‘Japanese Gothic’ Bloody and Tender

The cover of Japanese Gothic, featuring a Japanese-style watercolor of a house surrounded by foliage, all in dripping black and red.

I once saw a video essay about the weirdly intimate connection we have with people who used to live in the same places we do: the way the sun shines through the window in the morning, the way the air smells when we turn on the heat, the precise swirls in the ceiling plaster. It’s a little bit of a haunting, in a way, or a portal through time. Kylie Lee Baker takes both concepts literally in her latest novel, Japanese Gothic.

Lee isn’t the first college kid to drop out and move back in with his dad, but not every mid-semester dropout makes that move to Japan—or to outrun the authorities who will surely be asking questions once they find his murdered roommate’s body. At least Lee’s dad and his new Japanese girlfriend don’t mind Lee moving coming to stay. Even if Lee could ignore his mounting paranoia in this temporary sanctuary, he can’t forget the mysterious and violent end that came to his mother. To make matters worse, he’s pretty sure he’s seeing the ghost of a teenage girl in his bedroom closet.

Meanwhile, Sen is trying hard to follow in her father’s footsteps, even though being a samurai has been outlawed after a failed samurai rebellion. Becoming the warrior her father needs her to be is more important than ever; the family might be safe, if starving, in this house hidden by the forest, but the emperor’s troops are hunting down the rebels, including her father. She’s certainly got enough on her mind without discovering the spirit of a young man in her bedroom—a spirit who claims he’s from the future. As Lee and Sen’s pasts, presents, and futures collide through their shared living space, they warily test how real the other is, and how this clash between timelines could help them solve their respective problems.

The cover of Japanese Gothic, featuring a Japanese-style watercolor of a house surrounded by foliage, all in dripping black and red.

As with Bat Eater and Other Names for Cora Zeng, Baker’s previous (and excellent) book, the prose in Japanese Gothic is tight and tense. James remembers murdering his roommate multiple times, though the account differs each time. He’s an unreliable narrator, especially to himself. He’s more confident in the details of his mother’s disappearance and murder, though his understanding of that event, too, eventually betrays him. Sen’s got a better handle on reality, though reality at the hands of her father and her indoctrinated zealousness is bleak enough to make you wish, for her sake, that she could borrow some of Lee’s hallucinations. But Baker’s pacing is quick enough, and the story compelling enough to keep the violence and characters’ hopelessness from bleeding too heavily into the reader. It can be painful to read, sure, but there’s something perversely satisfying to it, too, like pushing on a yellowing bruise.

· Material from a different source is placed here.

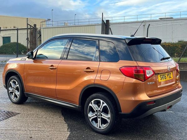 This 2016 Suzuki Vitara SZ5 is a well maintained example of this popular compact SUV. It features a responsive 1.6 litre petrol engine paired with a capable four wheel drive system, making it suitable for a variety of driving conditions. The SZ5 trim level ensures you benefit from a host of convenient features, including automatic air conditioning with climate control, keyless entry and start for effortless access, and automatic headlights that illuminate the road ahead without you needing to think about it. Maneuvering and parking are made simpler with the integrated rear parking camera, and for added peace of mind on longer journeys, adaptive cruise control helps maintain a set speed and distance from the vehicle in front.This particular Vitara stands out with its impressive fuel economy, achieving up to 50 miles per gallon, which is excellent for its class. Furthermore, its Euro 6 emission classification and low CO2 emissions indicate a more environmentally conscious choice. The vehicle also benefits from a low insurance group, suggesting that running costs could be more affordable compared to similar models. These factors combined highlight how this Suzuki Vitara offers a compelling blend of practicality, efficiency, and technology.-1YR WRNTY+AA BREAKDOWN
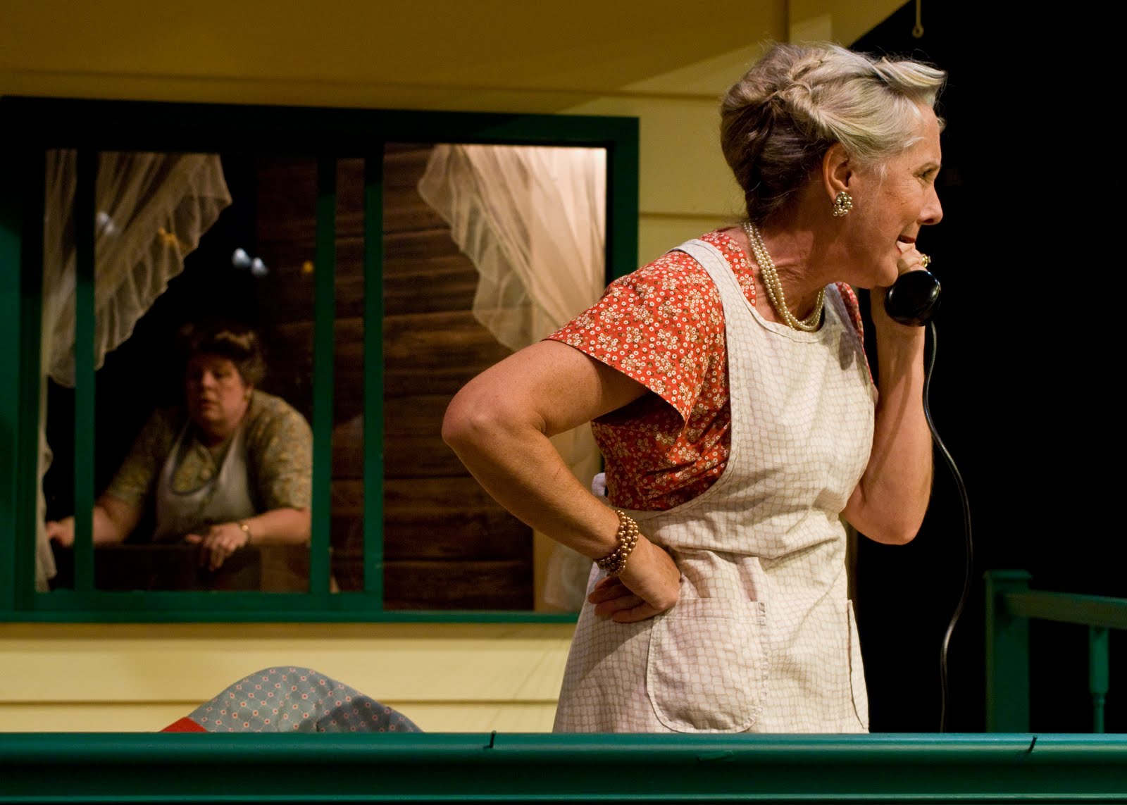Setting the scene and dominating an entire wall is the façade of the back of Laura Lee’s house, which places the bulk of the action in her backyard. A porch, table, and flowers all become incredibly versatile props, seamlessly integrating themselves into the characters’ actions. The telephone ringing constantly in the window completes the setting, becoming a vital information hotline between the women and the rest of the small town. However, the incredible scenery is nothing without the impressive acting done by everyone involved. Each one of the five southern ladies has a bold and unique nature, and all of their unique personalities are definitely done justice in this show.

Sen is a far easier character to root for than James, though his situation is, though equally bleak, at least a more or less a mess of his own making. Whatever authorities may or may not be after him will come because of the blood on his hands. Between the daily threat of Sen’s father’s anger and the looming promise of annihilation from the emperor’s forces, it’s clear that no amount of swordplay can save her or her family. Nevertheless, she keeps training, keeps sharpening her wits and her blade. The futility is as heartbreaking as it is inspiring, really capturing that youthful misunderstanding of the world that assumes just a little more effort can make anything bend to your favor.

But when her bedroom can be a portal into the future, can anyone blame her for thinking her own future may not be set in stone? And when the truth of inevitability does settle in, it doesn’t keep her from trying to fine-tune the details of her destiny. I did not open up Japanese Gothic expecting life lessons from a doomed samurai-in-training or a probable murderer with mommy issues, but life is full of surprises. Come for the blood, but stay for the healing tenderness around the wound.